Lumber Cut List Optimizer — Minimize Waste with Kerf and Cut Order
Optimize boards and cuts
Lumber cut list optimizer: quick guide
The Lumber Cut List Optimizer is designed to minimize waste while keeping the plan simple enough to follow at the saw. Enter your unit system, list stock board lengths, and add every required piece with quantity. The planner applies kerf between cuts and can add an optional trim allowance per piece so you can burn the factory end and still hit target lengths. Results show a cut sequence for each board, total used length, and waste.
For a fast setup, choose long to short as your preferred cut order. Starting with the longest parts reduces the risk of stranding inches that cannot be used later. If you are working with many small, repeated parts, short to long can sometimes produce a similar yield; feel free to try both and compare the totals.
Kerf is the width of material removed by the blade. A common assumption is 0.125 inches for a typical table-saw blade, while some thin-kerf blades are closer to 0.094 inches. In metric, 2 to 3 millimeters is a reasonable starting point. If you notice cumulative errors when dry fitting, check that the kerf you entered matches the blade on the saw you actually use for the cuts.
Trim allowance lets you add a small buffer to each piece. Many woodworkers add 2 to 3 millimeters or around a sixteenth of an inch so they can square the end or clean up tear-out without falling short. The optimizer adds this amount to every requested part before packing, which keeps the plan honest in the real shop where every board needs a clean edge.
If any single piece is longer than your longest board, the planner will stop with a clear message. The fix is to choose longer stock, redesign the part as a glue-up, or split the requirement into two shorter pieces that can be joined mechanically. Offcut handling is also explicit: you set an offcut threshold, and any remainder at or above that length is listed as reusable for future projects.
After optimization, walk through the plan and label boards. A wax pencil or tape label next to each cut position helps prevent mix-ups when you move from the outfeed table to the bench. If your material has visible defects or grain you want to preserve, you can still follow the sequence while nudging individual cuts a little to land knots or checks inside offcuts.

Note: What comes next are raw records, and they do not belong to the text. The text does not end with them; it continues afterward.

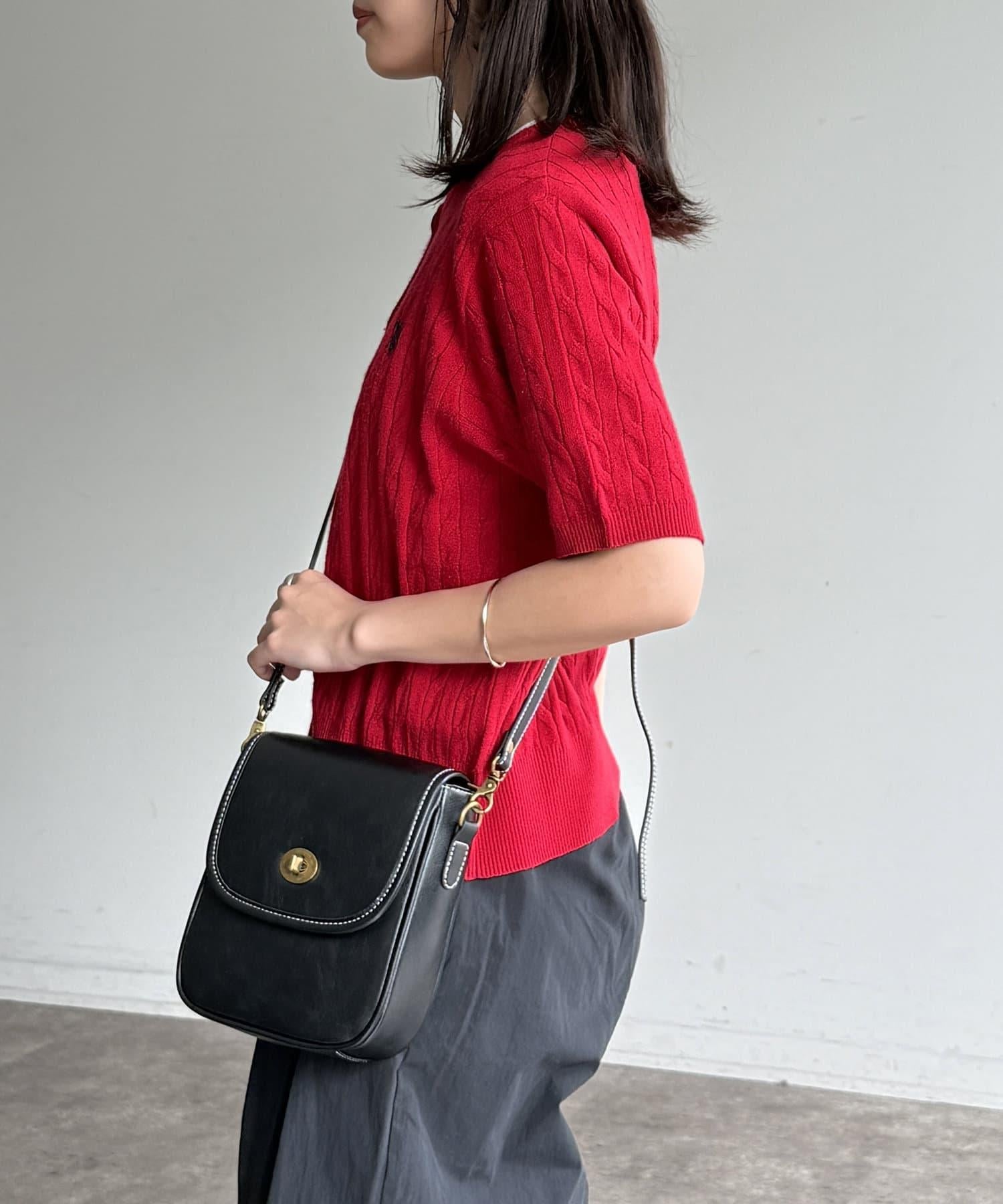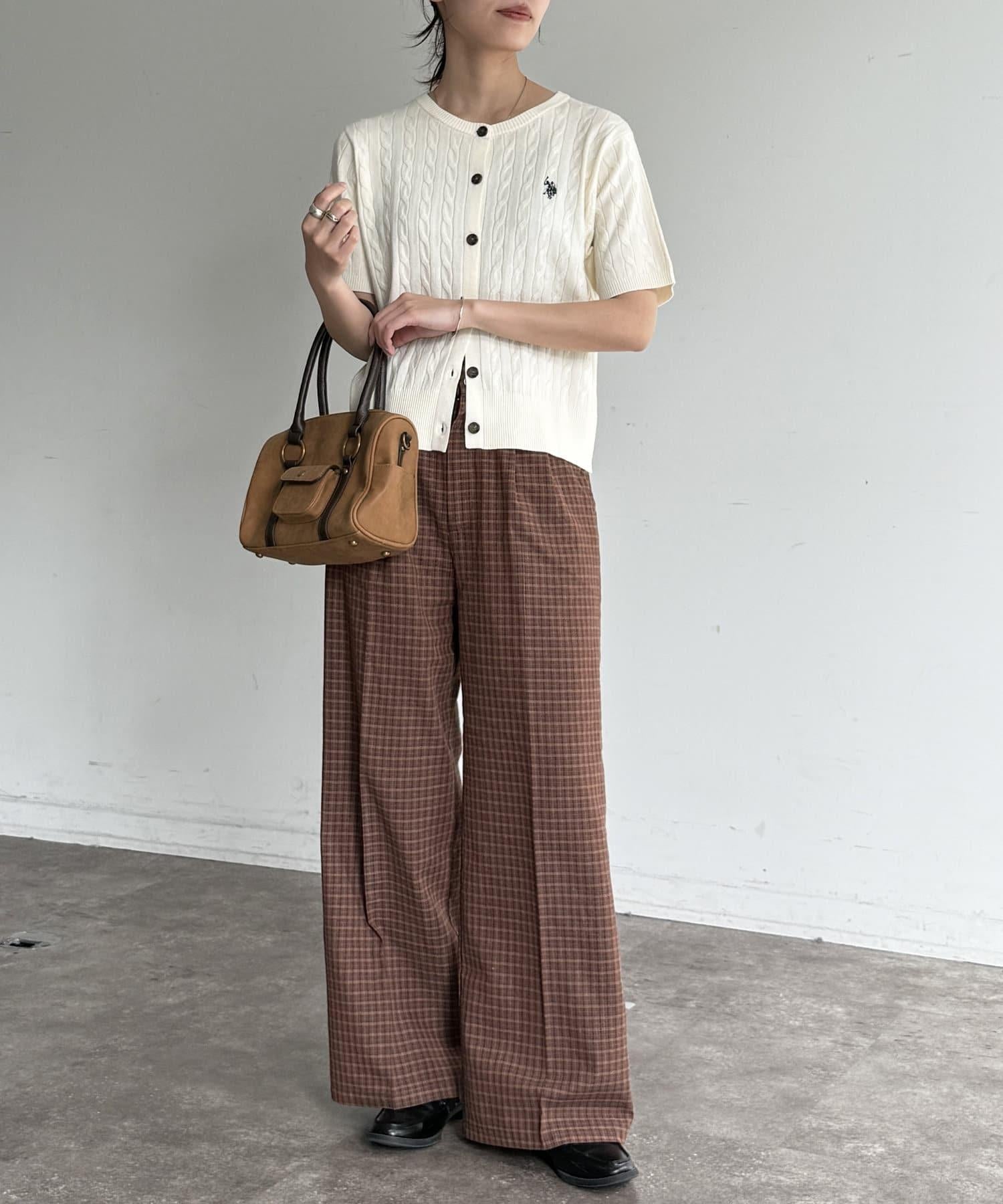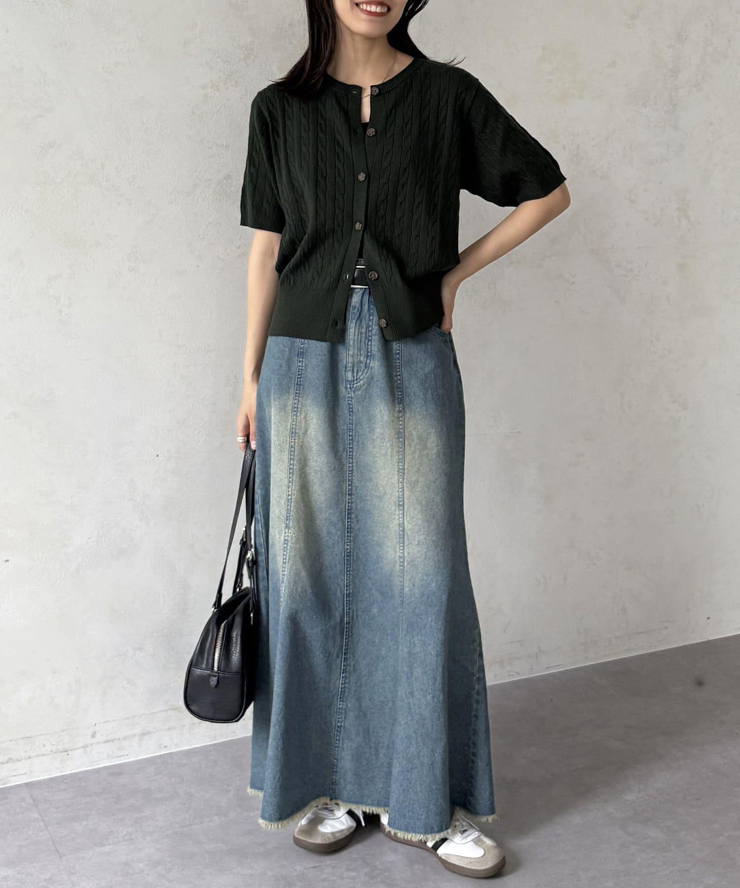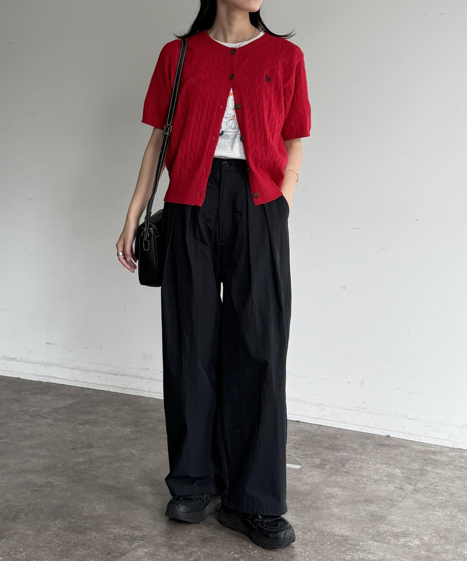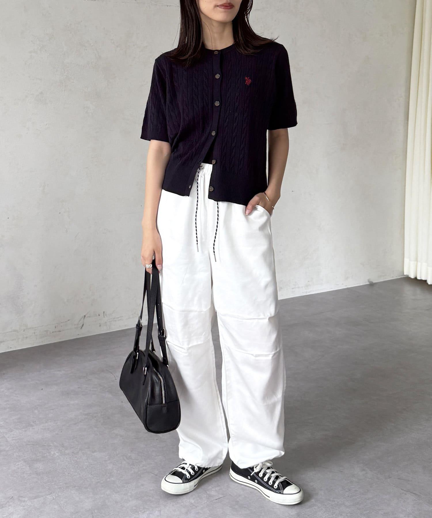 短袖圓領開衫,採用可愛、休閒的電纜針織。
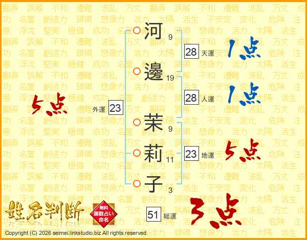 河邊茉莉子さんの総運は51画の3点!
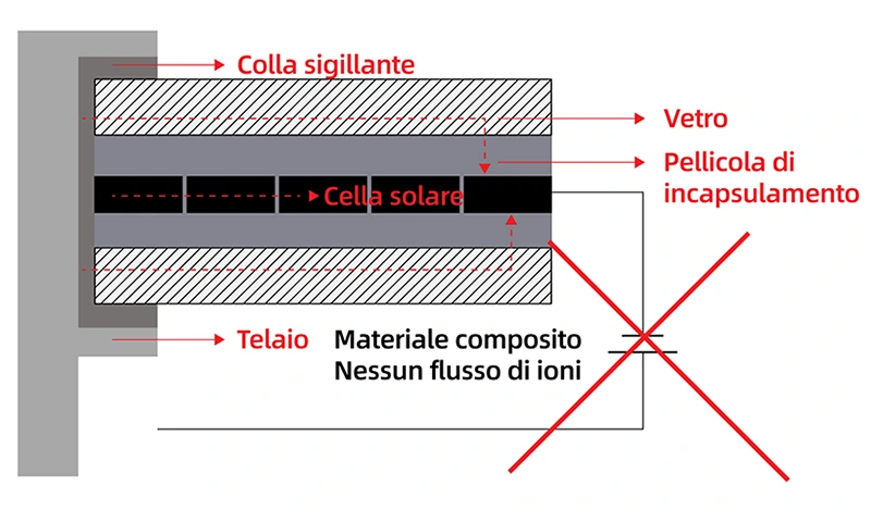 Nei pannelli fotovoltaici, la tecnologia dei telai compositi offre eccellenti proprietà meccaniche e chimiche che permettono ai nostri moduli solari di sopportare carichi più elevati e di resistere alle condizioni ambientali difficili e ai fenomeni meteorologici estremi, sempre più frequenti. Grazie alle loro eccellenti proprietà isolanti, questi telai riducono efficacemente il PID. Ciò è dovuto anche al fatto che dal telaio non fuoriescono ioni, il che significa che non è necessaria alcuna messa a terra aggiuntiva e che si riducono la complessità e i costi di installazione.
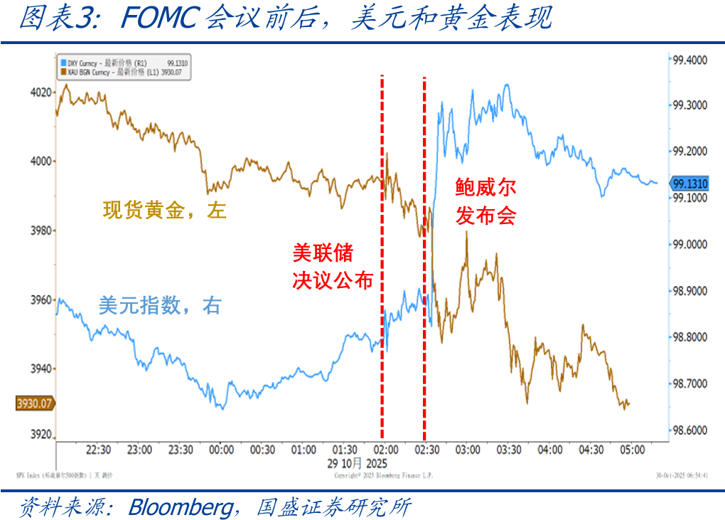 4、市场影响:市场此前对12月降息计价十分充分,本次会议后仍认为降息是大概率,若后续进一步坐实了12月不降息,短期内美股和黄金仍将面临调整压力,美债收益率和美元指数仍可能进一步走高。不过中长期看,市场对2026年降息空间的预期相对理性,这与我们的判断一致,因此等短期降息预期调整到位后,后续影响预计有限。
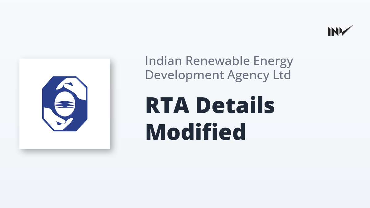 IREDA has changed the name of its Registrar and Share Transfer Agent (RTA) to MUFG Intime India Private Limited. This change follows an earlier communication on January 6, 2025, regarding this update.
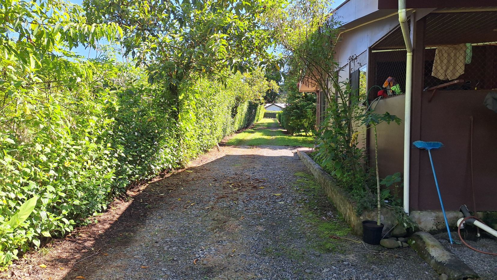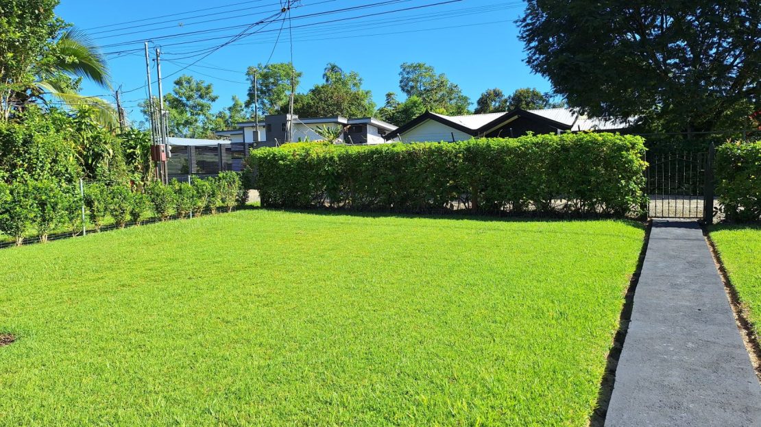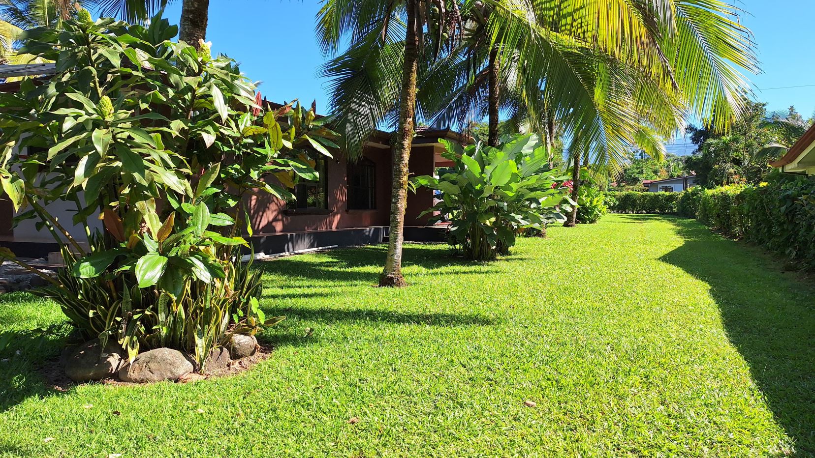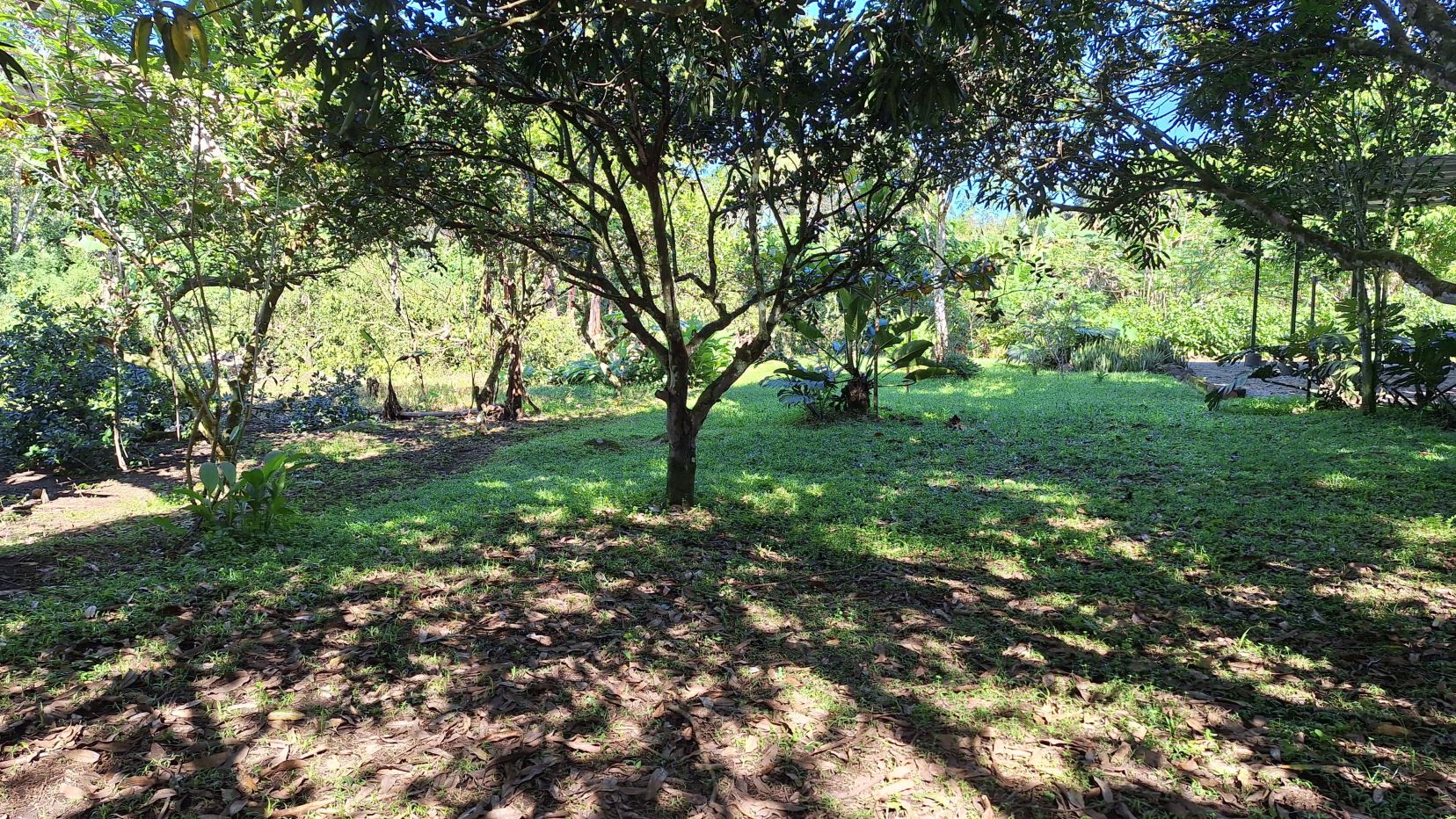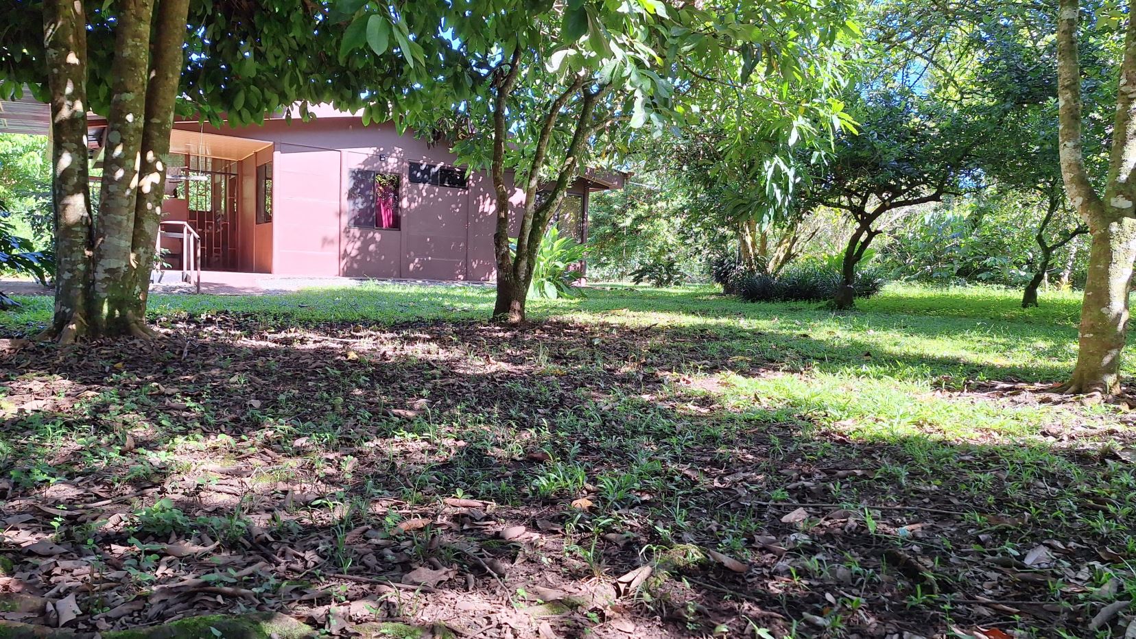 La propiedad está rodeada de exuberante vegetación, jardines cuidadosamente mantenidos, árboles frutales y una amplia zona verde perfecta para disfrutar al aire libre.
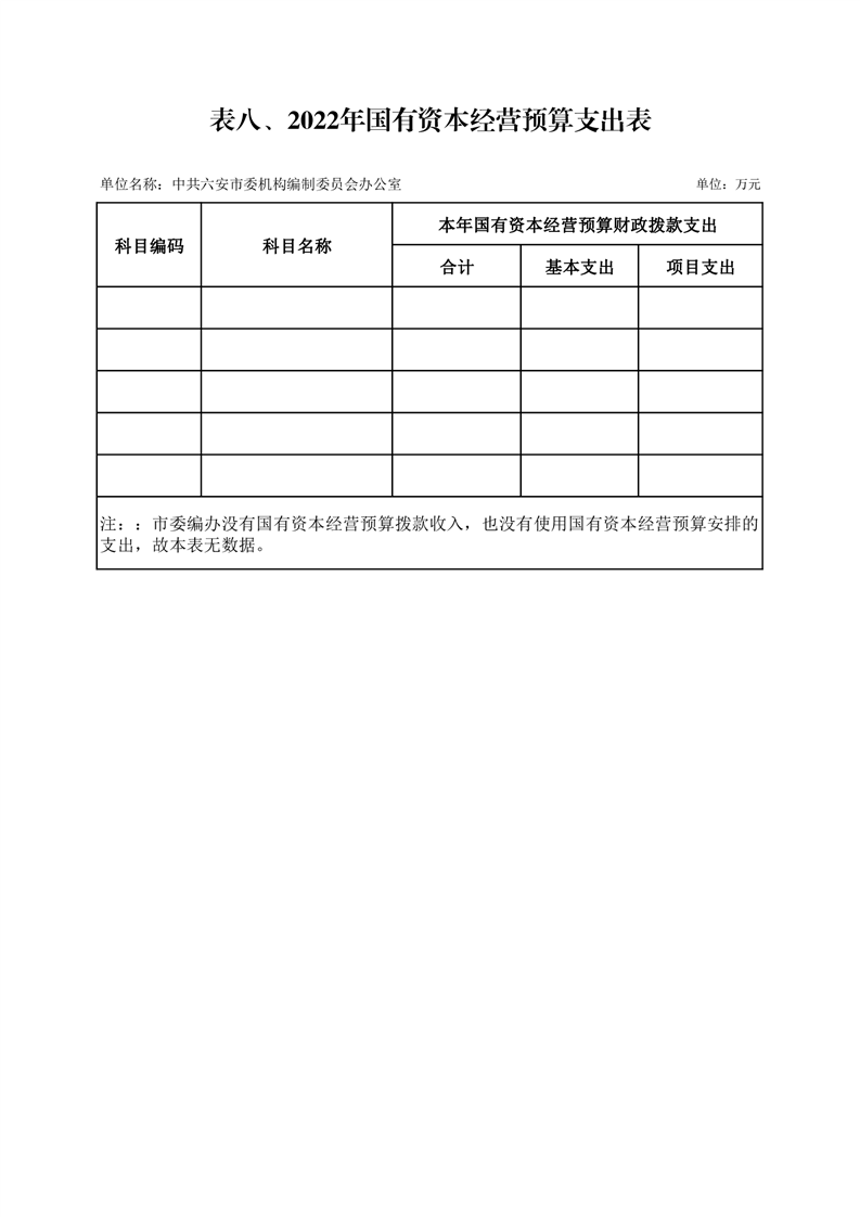 8.中共六安市委编办2022年国有资本经营预算支出表(附件表8)
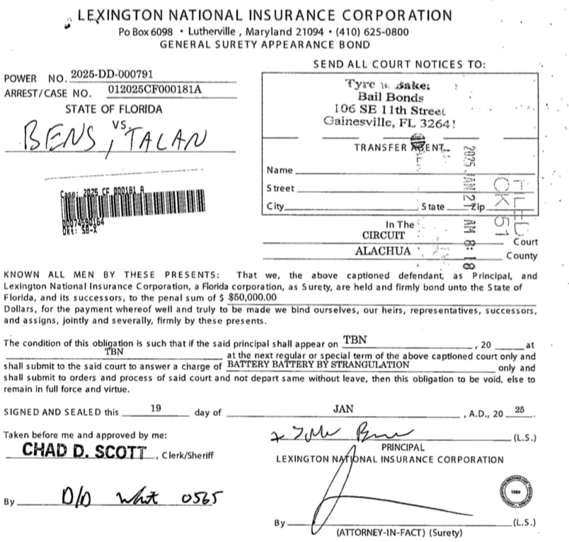 Bens was released from the Alachua County Jail soon after his arrest after posting a $50,000 bond.

Assumptions and practical tips
- The plan assumes no kerf is required before the first cut on any board; kerf is applied only between consecutive cuts.
- Trim allowance is added per piece before packing to reflect real-world squaring. If you do not need it, leave the field at zero.
- Stock lengths should be measured, not only taken from labels. Actual boards may be slightly short or long; enter what you have.
- Species and moisture content are not modeled. If movement matters, leave extra trim and sneak up on final length at the bench.
- Group and batch identical parts. Cutting all pieces of the same length in one go reduces fence changes and setup time.
- Set the offcut threshold to match your shop habits. If you routinely reuse eight-inch pieces, keep the threshold at or below that value.
- Long to short yields the best results for mixed projects like cabinets and benches. Short to long can be handy for slat walls or lath-style builds.
- When boards have defects, treat them as shorter stock or add a manual note on the printout to skip a region before you cut.
Common questions
Can I mix stock lengths?
Yes. Enter one board per line; the optimizer uses them in the order listed. You can paste a long list from a purchase order and edit as needed.
Why long to short?
Larger parts placed first reduce stranded inches and typically improve yield. It also keeps the plan easy to follow at the saw.
How does the offcut threshold work?
Remainders at or above the threshold are listed as reusable offcuts. Anything shorter is treated as scrap so your waste number reflects reality.
What if my blade kerf is different?
Adjust the kerf field to match your blade. If you switch blades mid-project, re-run the plan with the new value so accumulated cuts still land correctly.
Can I copy the plan to a cut sheet?
Yes. Select the results and copy them to your notes app or spreadsheet. The board-by-board sequence is designed to be readable on paper or phone.
Does unit choice affect math?
No. The same calculations run in either system; the interface only changes labels and how values are displayed.
What if a piece is longer than any board?
The tool will warn you. Consider a glue-up, a scarf joint, or sourcing longer stock. The plan will not force an impossible cut.